I turn to face him. “I didn’t think it would be like zero. Like nothing. Like my phone’s just a useless piece of glass.”
He shrugs. “Welcome to being off the grid.”
“I didn’t agree to off the grid.”
“You agreed to not being found.”
“That’s different,” I snap, then soften because it’s not his fault. “It feels different when it’s real.”
He studies my face. “You okay.”
I nod too fast. “Yeah. Just weird.”
We go back inside and I sit at the small kitchen table, phone in my hand, staring at it like it might suddenly wake up. Like it owes me something.
I keep thinking about all the times I complained about being called too much. About messages piling up. About Ethan checking in when I went out, asking when I’d be home, what time dinner would be ready, if I needed anything.
Now there’s nothing. No noise. No one pulling at me.
It feels quiet in a way that presses in on my ears.
I set the phone down like it might bite me.
Keenan watches me for a while, then sits across from me. “This part sucks,” he says. “The first few days.”
“You’ve done this before,” I ask.
“Yeah,” he says. “When I needed space. When my head was loud.”
I huff. “Must be nice.”
“It’s not,” he says. “It’s just different.”
I stare at the table. “I don’t know who I am without it.”
“Without what.”
“Being reachable,” I say. “Being someone people can get to.”
He leans back. “You’re still you.”
“I don’t feel like me,” I admit. “I feel like I stepped off the world.”

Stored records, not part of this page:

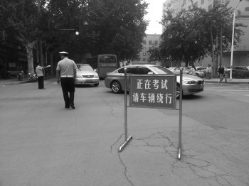 听力开考后,民警在考点附近道路执勤,引导车辆绕行。 本报记者 谭文佳 摄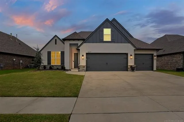 Gorgeous and contemporary 4-bedroom home with hardwood floors, 3 full bathrooms, a game room, a formal office, and a 3-car garage! This well-maintained home features an open-concept floor plan, perfect for entertaining. Beautiful hardwood flooring on the first level, dedicated office with sliding glass doors and huge custom built bookshelves, 3 bedroom downstairs including the primary, and 1 bedroom plus game room and full bathroom upstairs. Large primary bedroom with luxury en suite bath featuring a bathtub, dual shower heads with individual controls, heated flooring, and a heated towel rod! Bright and open kitchen with stainless steel appliances staying including the fridge, granite countertops, and a pantry! Upstairs includes a HUGE game room, a full bath, plus a 4th bedroom with a new and individually controlled heat and air system. Large covered patio in the backyard with a built-in natural gas fire pit that doesn't require propane and a fully fenced-in yard. Large 3-car attached garage with a built-in family safe/shelter. Located in the Cypress Creek neighborhood, which includes a pool, parks, and ponds. Located in the city of Tulsa, which is eligible for the Tulsa Remote program. Only 8-10 mins drive from the new Adams Creek Town Center, which will include shops like Burlington, Five Below, Trader Joe's, and much more (see BrokenArrowOK. gov for more info). Come tour this unique and modern home in Broken Arrow Schools.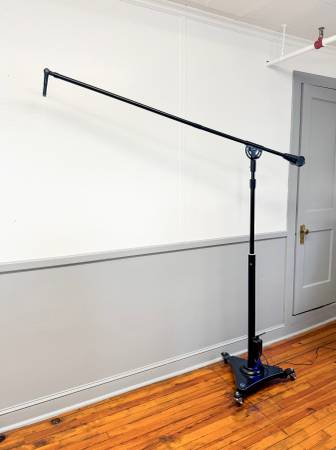 Our heaviest motorized stand with extended 62 inch boom & removable Casters. 50" to 77" Height with 12" motorized travel, up or down with just the touch of a button. Model RS-2 is the choice of many recording studios that require a stand that will handle heavy microphones with extended boom length. (microphone not included) Comes with a RF 433 Mhz Wireless controller. (style of RF receiver may vary from picture) The RF receiver is generally placed on a wall near a power outlet. An extension wire is run over to the stands power jack.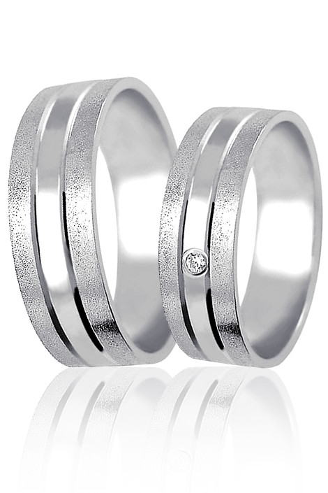 Snubní prsteny z bílého zlata, zdobené jedním zirkonem nebo briliantem. Matná a lesklá povrchová uprava. Šířka prstenu je 6mm. Cena obou prstenů je udávána ve velikosti 58 (dámský) a 60 (pánský). Velikost prstenu a rytí dovnitřku obroučky nám napište do poznámky v objednávce.

“That’s kind of the point.”
I swallow. “What if something happens to Ethan.”
Keenan doesn’t answer right away.
“What if something already happened,” I continue. “What if he’s looking for me. What if his parents are worried. What if they think I’m dead.”
“Lena,” he says gently. “You can’t carry all that.”
“I always have,” I reply.
He sighs. “Okay. Then let’s do this smarter.”
I frown. “Smarter how.”
He stands and grabs his keys. “Get dressed.”
“Why.”
“I’m going into town.”
“For what.”
He grins slightly. “A phone.”
I blink. “What.”
“A burner,” he says. “Cheap. No name. No trail.”
“That sounds illegal.”
“It’s not illegal. It’s just sketchy.”
I hesitate. “I don’t know.”
“You don’t have to use it,” he says. “Just have it. For emergencies. For peace of mind.”

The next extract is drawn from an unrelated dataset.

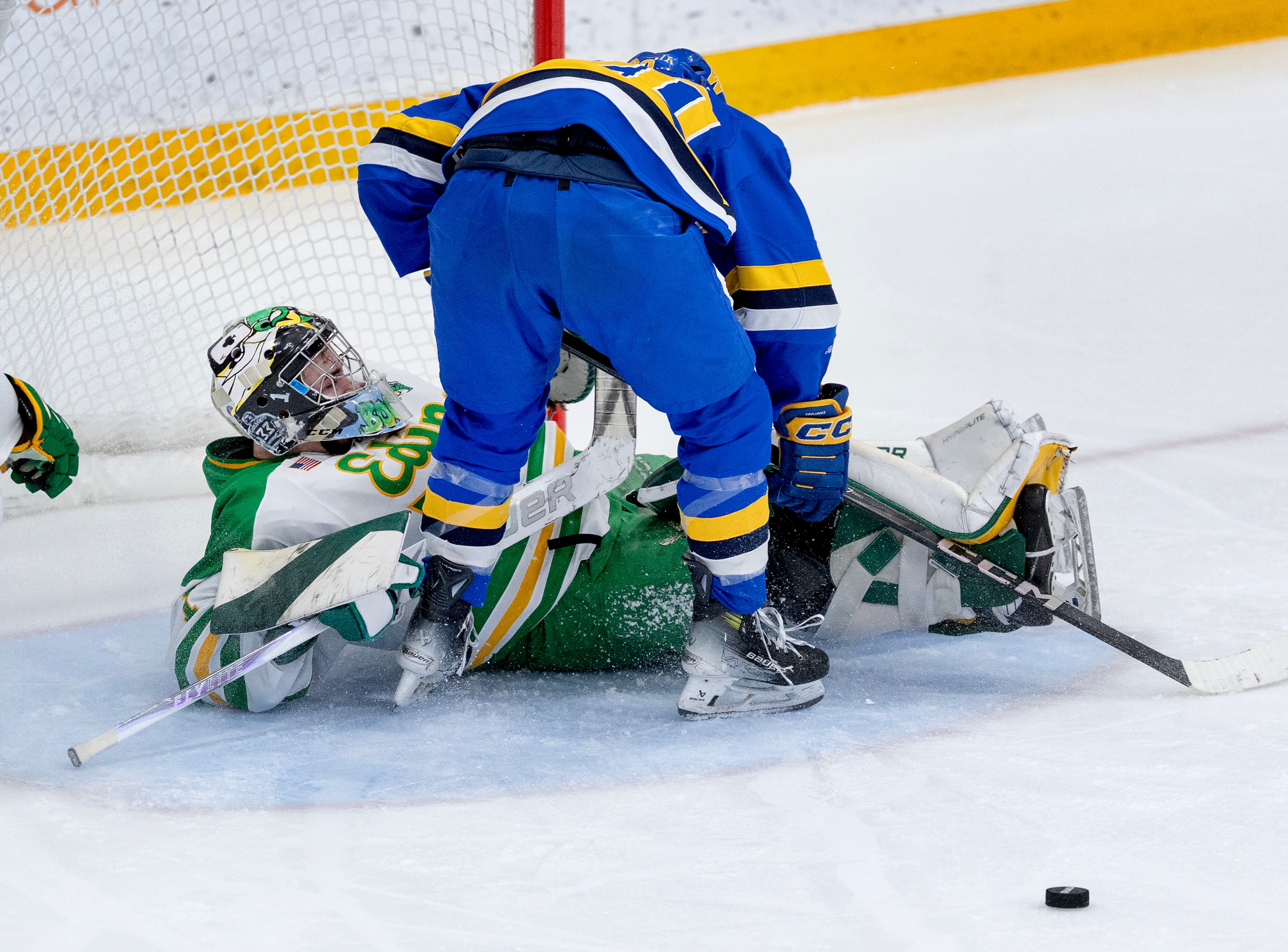 The first period remained scoreless until Eli Molde, the Trojans’ top goal scorer, opened up scoring with two minutes left. The shot, slipped past Edina goalie Chase Bjorgaard at close range into the left pocket, marked the senior forward’s 16th of the season. It was his fourth goal in the past four periods of play for Wayzata, with one goal in each period of the semifinal section game against Rogers on Feb. 21.

That word hits something in me.
Peace.
An hour later he’s back, tossing a small box onto the table.
“There,” he says. “Congratulations. You now own the ugliest phone I’ve ever seen.”
I pick it up. It’s tiny. Plastic buttons. It looks like it came from another decade.
“Does this thing even work.”
“Barely,” he says. “Which is kind of perfect.”
I turn it on. One bar flickers to life. Just one.
My chest loosens and tightens at the same time.
I don’t know who to call. I don’t know if I want to call anyone. “What if they track it,” I ask.
“They won’t,” Keenan says. “I paid cash. No name. No nothing.”
I nod slowly. “Okay.”
I sit there for a long time, holding it, then set it down again.
“I’m not calling anyone yet,” I say.
“That’s fine,” he replies.
That night, lying in bed, I think about how easy it would be to dial a number. To hear a familiar voice. To ask questions I’m scared to know the answers to.
I don’t.
Instead, I turn the phone off and slide it into the drawer.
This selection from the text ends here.